# [Task requirements]
Restate every line of the data word for word, except for the images.

### Given information ###

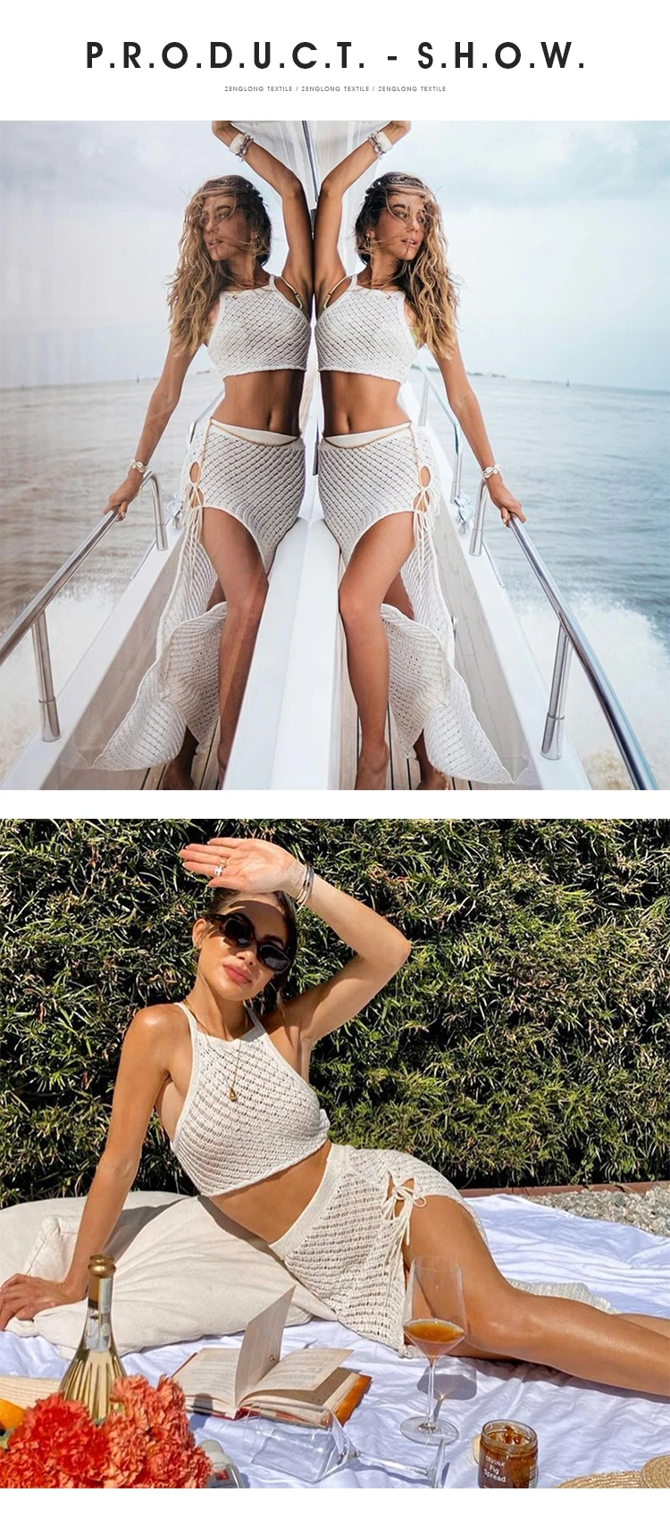 ZENGLONG модная Женская Летняя трикотажная одежда сексуальные топы для девушек пляжная юбка комплект из двух предметов женский свитер с плечевыми
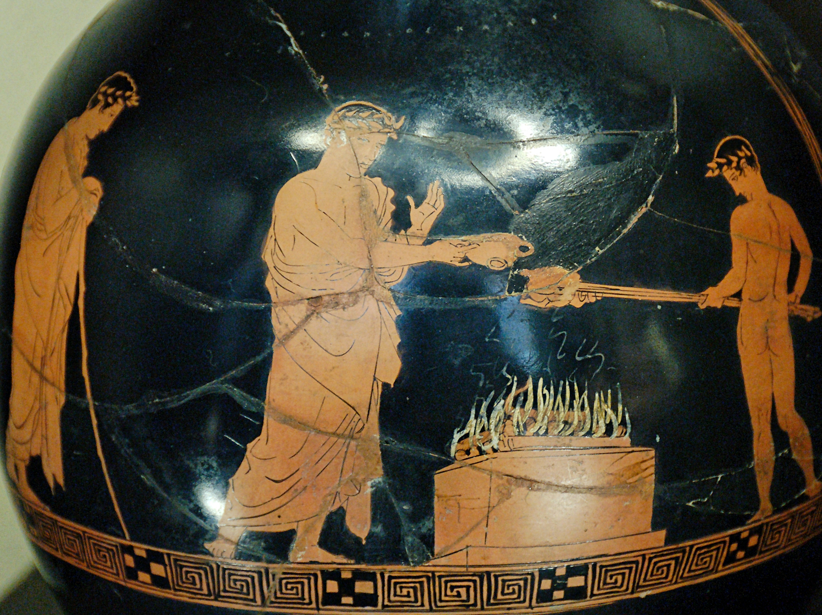 인도 국경 근처 마을인 바리야푸르에서는 5년마다 힌두교의 여신 가디마이를 기리는 가디마이 축제가 열린다. 이 축제에서는 물소, 염소, 비둘기 등이 희생물로 바쳐진다. 2009년에는 약 30만 마리, 2014년에는 약 20만 마리의 동물이 축제장에서 칼 등으로 살해되었다[38]。동물보호단체 등은 잔혹한 살해 방법에 대해 강하게 비판하였다. 2015년에는 힌두 사원 측이 금지령을 내렸고, 2016년에는 네팔 대법원도 희생을 중단하라고 명령했지만, 수 세기 동안 이어져 온 관습은 쉽게 끝나지 않아 2019년 11월에 열린 축제에서도 희생물을 대량으로 살해하는 광경이 반복되었다[39]。6. 4. 그리스 신화
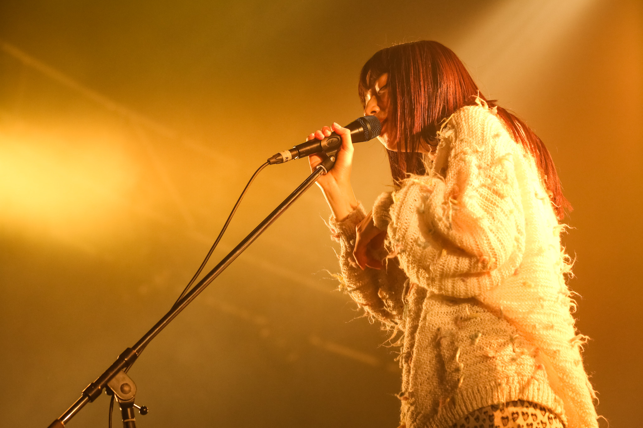 爽やかな疾走感が気持ちいい初期曲「fever」を挟み、井上が関西でこんなに応援してくれる人がたくさんいるとわかって嬉しい1年だったと語った「透明」へとつなげる。バンドでありながらゆったり柔らかく丸みのあるサウンド、井上のほわりと溶け込んでいくような歌声や息遣いも冬の朝によく合う。そこからポップチューン「Young life」への切り替わり、メランコリックな気持ちをつつく「brighter brighter」を披露。あぁ、あったかいコーヒー飲みたいなぁと思わずにはいられない。

###

# [Exercise response]
 ZENGLONG модная Женская Летняя трикотажная одежда сексуальные топы для девушек пляжная юбка комплект из двух предметов женский свитер с плечевыми
 인도 국경 근처 마을인 바리야푸르에서는 5년마다 힌두교의 여신 가디마이를 기리는 가디마이 축제가 열린다. 이 축제에서는 물소, 염소, 비둘기 등이 희생물로 바쳐진다. 2009년에는 약 30만 마리, 2014년에는 약 20만 마리의 동물이 축제장에서 칼 등으로 살해되었다[38]。동물보호단체 등은 잔혹한 살해 방법에 대해 강하게 비판하였다. 2015년에는 힌두 사원 측이 금지령을 내렸고, 2016년에는 네팔 대법원도 희생을 중단하라고 명령했지만, 수 세기 동안 이어져 온 관습은 쉽게 끝나지 않아 2019년 11월에 열린 축제에서도 희생물을 대량으로 살해하는 광경이 반복되었다[39]。6. 4. 그리스 신화
 爽やかな疾走感が気持ちいい初期曲「fever」を挟み、井上が関西でこんなに応援してくれる人がたくさんいるとわかって嬉しい1年だったと語った「透明」へとつなげる。バンドでありながらゆったり柔らかく丸みのあるサウンド、井上のほわりと溶け込んでいくような歌声や息遣いも冬の朝によく合う。そこからポップチューン「Young life」への切り替わり、メランコリックな気持ちをつつく「brighter brighter」を披露。あぁ、あったかいコーヒー飲みたいなぁと思わずにはいられない。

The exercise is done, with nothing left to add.